__YOUR INSTRUCTIONS__:
Leaving out every picture, copy the lines of the material below exactly, from the line containing "自動開閉 ゴミ箱 専用キャスター4個セット" through the line containing "It has a simple".

BEGIN MATERIALS PROVIDED

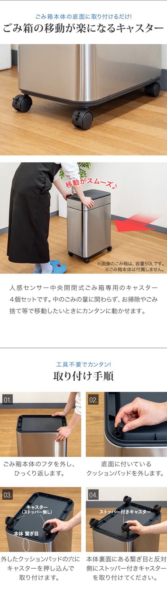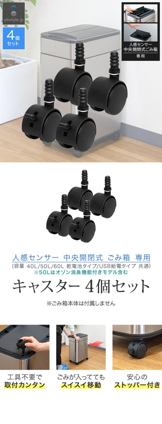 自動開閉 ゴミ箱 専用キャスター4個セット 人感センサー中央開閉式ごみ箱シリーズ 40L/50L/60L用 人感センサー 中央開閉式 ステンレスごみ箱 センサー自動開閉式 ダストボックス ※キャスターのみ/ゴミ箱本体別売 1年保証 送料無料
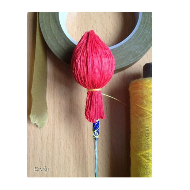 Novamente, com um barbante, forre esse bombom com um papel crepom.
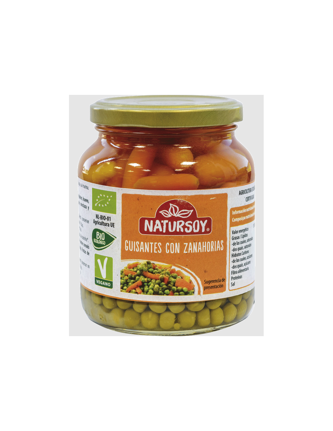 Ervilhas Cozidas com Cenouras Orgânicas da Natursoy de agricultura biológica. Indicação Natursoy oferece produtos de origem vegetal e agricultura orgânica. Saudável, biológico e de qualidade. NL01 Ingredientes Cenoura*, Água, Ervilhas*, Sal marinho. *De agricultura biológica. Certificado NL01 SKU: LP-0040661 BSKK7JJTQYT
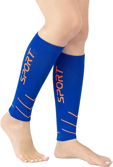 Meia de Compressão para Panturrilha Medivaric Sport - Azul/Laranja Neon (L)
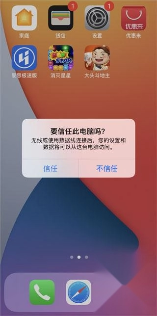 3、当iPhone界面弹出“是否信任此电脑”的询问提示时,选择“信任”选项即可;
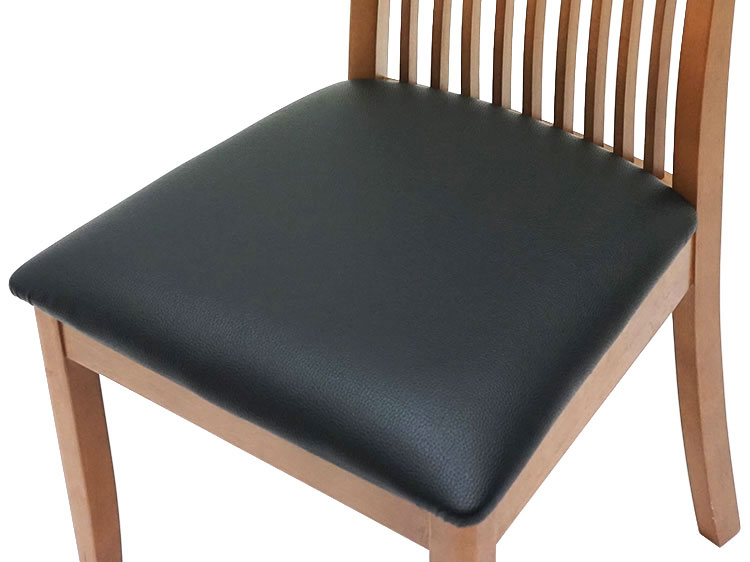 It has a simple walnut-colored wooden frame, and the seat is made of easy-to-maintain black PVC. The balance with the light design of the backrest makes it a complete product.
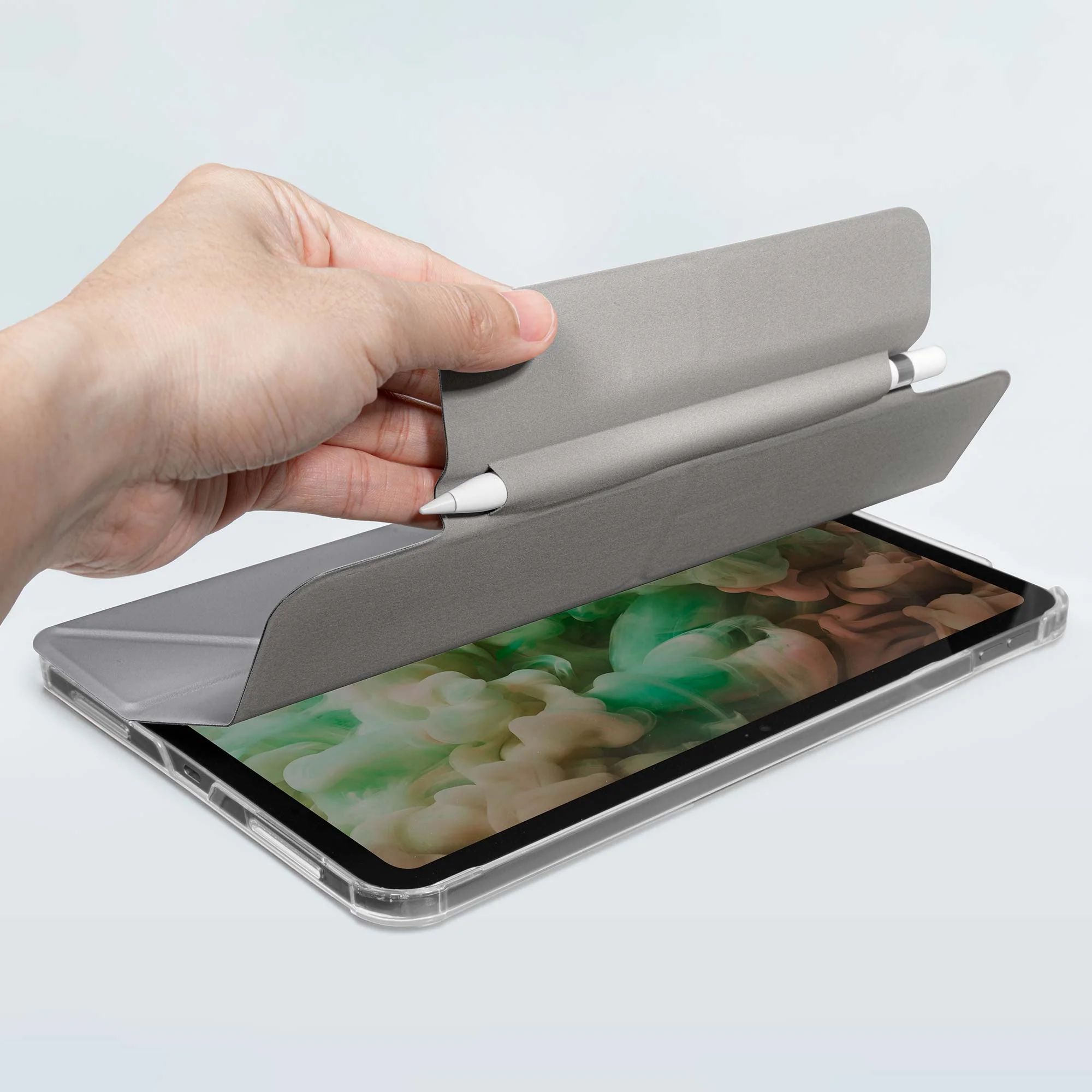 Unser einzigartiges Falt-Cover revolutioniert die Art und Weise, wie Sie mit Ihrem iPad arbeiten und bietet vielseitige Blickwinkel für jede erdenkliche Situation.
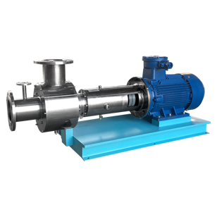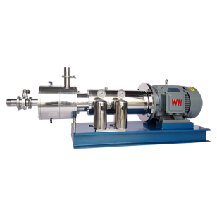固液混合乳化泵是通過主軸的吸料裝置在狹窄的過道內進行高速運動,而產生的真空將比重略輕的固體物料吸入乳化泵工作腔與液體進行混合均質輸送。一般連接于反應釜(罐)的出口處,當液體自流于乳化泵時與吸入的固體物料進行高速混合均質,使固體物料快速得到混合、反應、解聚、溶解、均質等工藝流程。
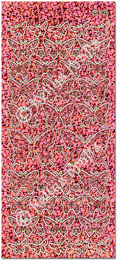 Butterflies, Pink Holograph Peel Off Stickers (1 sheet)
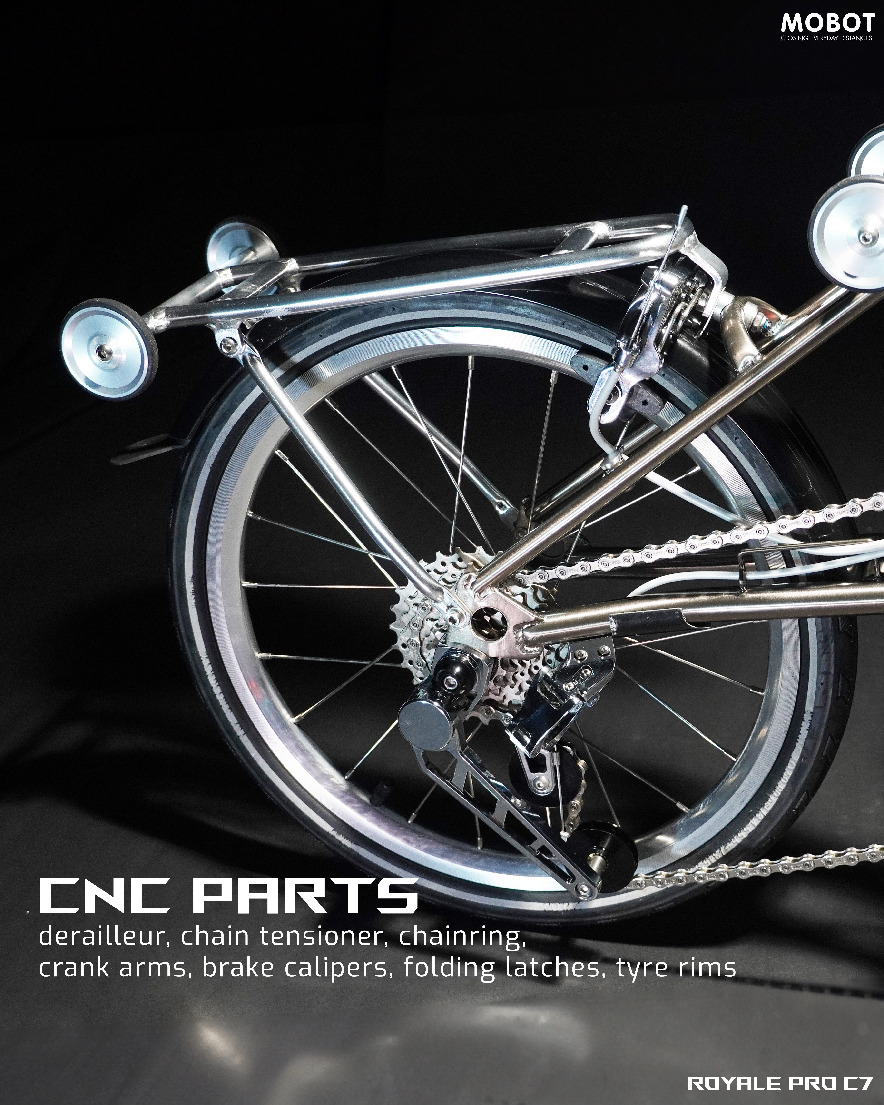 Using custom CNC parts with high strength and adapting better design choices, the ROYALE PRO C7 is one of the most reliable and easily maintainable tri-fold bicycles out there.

END MATERIALS PROVIDED
BEGIN MATERIALS PROVIDED

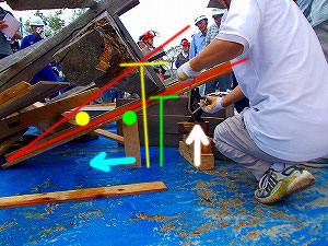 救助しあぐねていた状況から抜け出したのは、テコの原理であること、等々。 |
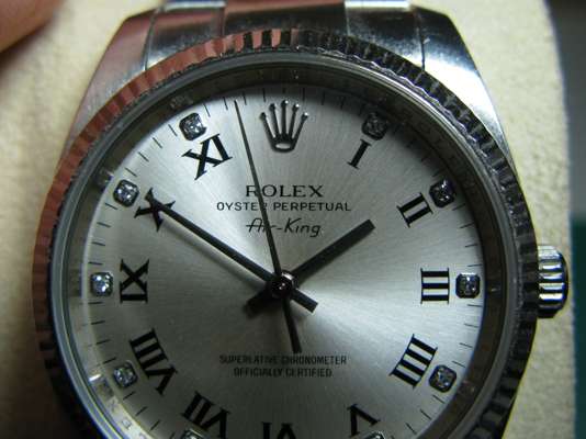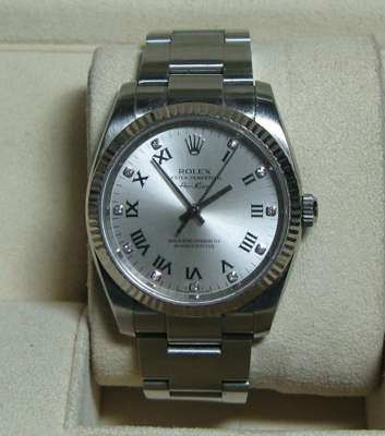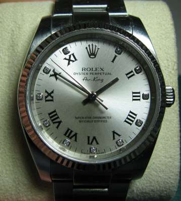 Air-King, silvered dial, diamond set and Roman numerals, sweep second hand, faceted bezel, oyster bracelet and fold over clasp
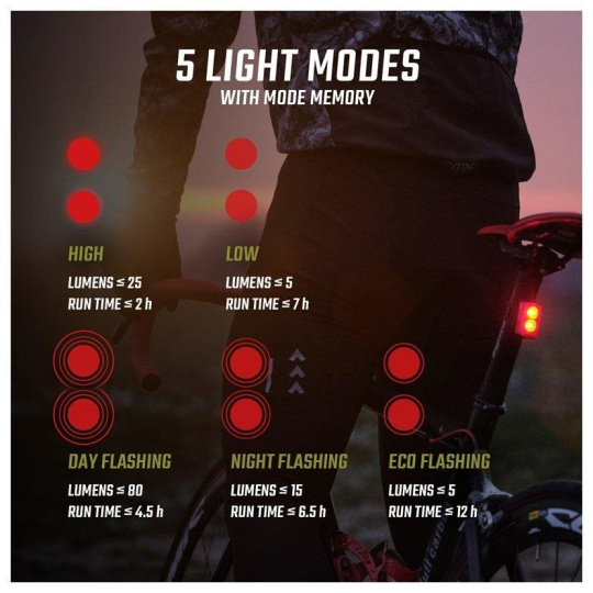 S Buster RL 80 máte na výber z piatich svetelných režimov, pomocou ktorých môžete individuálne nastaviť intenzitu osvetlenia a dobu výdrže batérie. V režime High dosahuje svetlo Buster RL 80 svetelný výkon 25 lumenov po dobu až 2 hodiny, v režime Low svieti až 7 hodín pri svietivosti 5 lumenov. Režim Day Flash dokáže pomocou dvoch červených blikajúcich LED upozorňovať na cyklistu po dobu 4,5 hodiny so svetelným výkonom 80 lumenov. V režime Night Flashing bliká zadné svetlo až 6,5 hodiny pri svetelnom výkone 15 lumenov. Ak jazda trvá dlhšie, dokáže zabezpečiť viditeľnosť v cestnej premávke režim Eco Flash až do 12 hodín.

END MATERIALS PROVIDED

__RESULT FOR THIS TASK__:
 自動開閉 ゴミ箱 専用キャスター4個セット 人感センサー中央開閉式ごみ箱シリーズ 40L/50L/60L用 人感センサー 中央開閉式 ステンレスごみ箱 センサー自動開閉式 ダストボックス ※キャスターのみ/ゴミ箱本体別売 1年保証 送料無料
 Novamente, com um barbante, forre esse bombom com um papel crepom.
 Ervilhas Cozidas com Cenouras Orgânicas da Natursoy de agricultura biológica. Indicação Natursoy oferece produtos de origem vegetal e agricultura orgânica. Saudável, biológico e de qualidade. NL01 Ingredientes Cenoura*, Água, Ervilhas*, Sal marinho. *De agricultura biológica. Certificado NL01 SKU: LP-0040661 BSKK7JJTQYT
 Meia de Compressão para Panturrilha Medivaric Sport - Azul/Laranja Neon (L)
 3、当iPhone界面弹出“是否信任此电脑”的询问提示时,选择“信任”选项即可;
 It has a simple walnut-colored wooden frame, and the seat is made of easy-to-maintain black PVC. The balance with the light design of the backrest makes it a complete product.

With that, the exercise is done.